Nikolic et al. demonstrated that the very intimate link between BEN and UTT can be explained by the insult induced by an environmental contaminant [313]. The intake of the agent at high doses causes nephropathy and early appearance of renal failure (BEN) during the third and the fourth decade of a patient’s life. Moreover, at low doses of the potential causative agent, the nephropathy is not recognised, but UTT still develops. Under these conditions, the patient may die from UTT even though kidney damage is minimal and subclinical, so that most of the patients (75 %) in a BEN settlement may show no symptoms of renal failure at the time of nephrectomy.

Interestingly, BEN rather affects people living in rural areas but not those living in towns in the vicinity [93]. This could be explained by the fact that rural populations consume more home-grown and home-stored food, whereas city dwellers consume predominantly commercially available and industrially produced food. The disease often affects many members of one family, while neighbouring families may be free from the disease over several generations. This may be due to the family’s dietary habits as well as conditions of food storage and, consequently, conditions promoting mould contamination and growing.

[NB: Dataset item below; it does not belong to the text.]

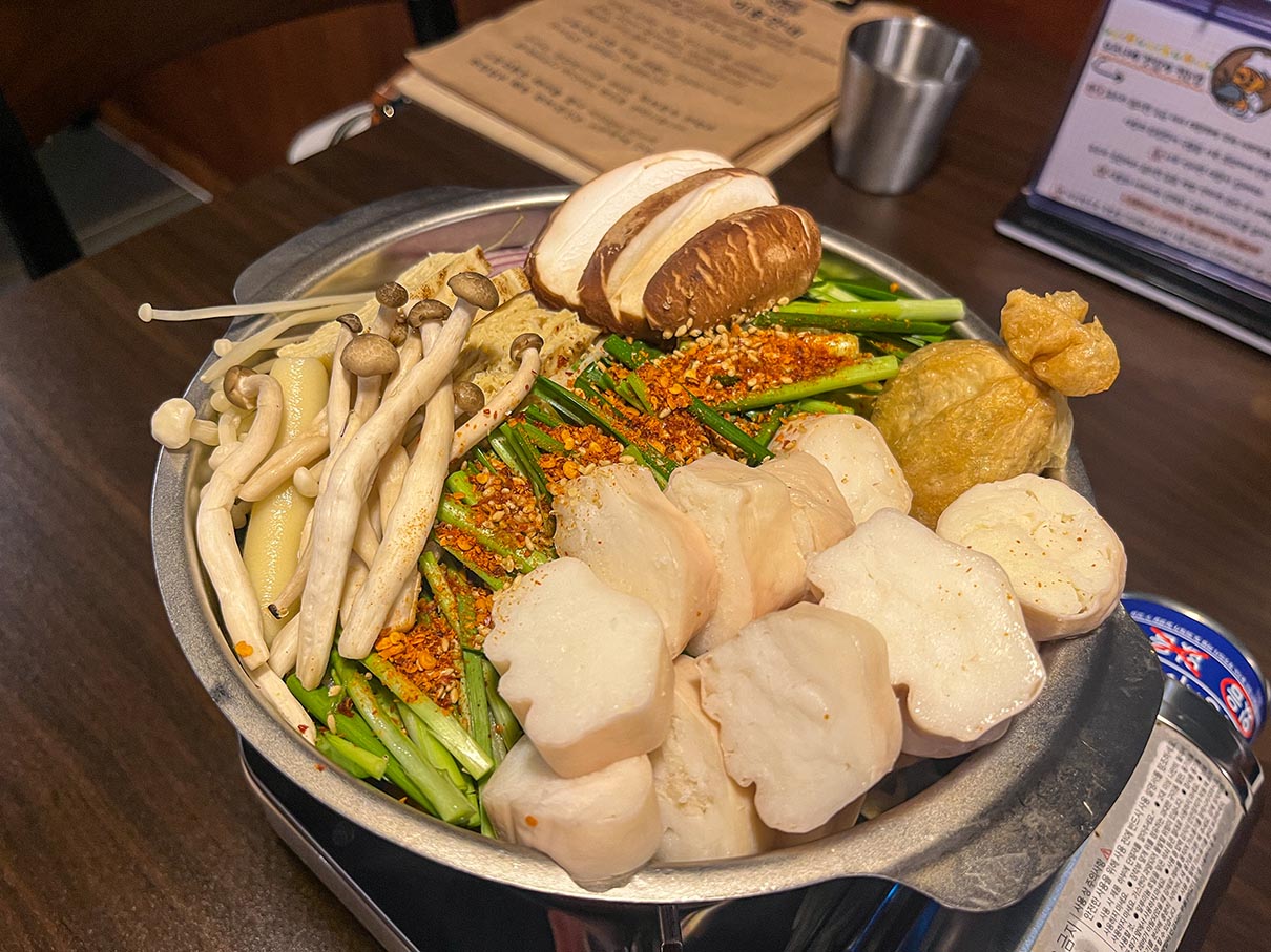 냄비 가득 재료가 올라간 모츠나베가 나왔습니다. 버섯과 부추, 유부주머니, 우엉, 숙주 등 다양한 재료가 들어있습니다. 대창이 어묵처럼 생겼죠? 자주 보던 대창이랑 모양이 다르게 생겨서 당황스러웠는데요, 끓이고 나니 익히 보던 프릴 같은 모양으로 바뀌었습니다.

The predominant occurrence of BEN in specific families suggested that a genetic predisposition may also be involved. Toncheva et al. proposed that alterations in the gene coding for transforming growth factor-β (TGF-β), the genetic heterogeneity of xenobiotic-metabolising enzymes or defects in the immune system of the host could predispose to BEN [315]. Recently, genetic polymorphisms of some xenobiotic-metabolising enzymes have been associated with BEN [314-317]. Genetic variants of enzymes involved in the uptake, biotransformation and elimination of xenobiotics determine individual levels of detoxification and are modifiers of an increased/decreased risk for chronic diseases and cancer. Furthermore, genetic alterations predisposing BEN patients to UTT could be germline mutations in tumour-suppressor genes and/or acquired somatic mutations in oncogenes [318]. Genetic

polymorphisms related to specific transporters may also contribute to inter-individual differences in the response to environmental toxins such as OTA [316, 319, 320].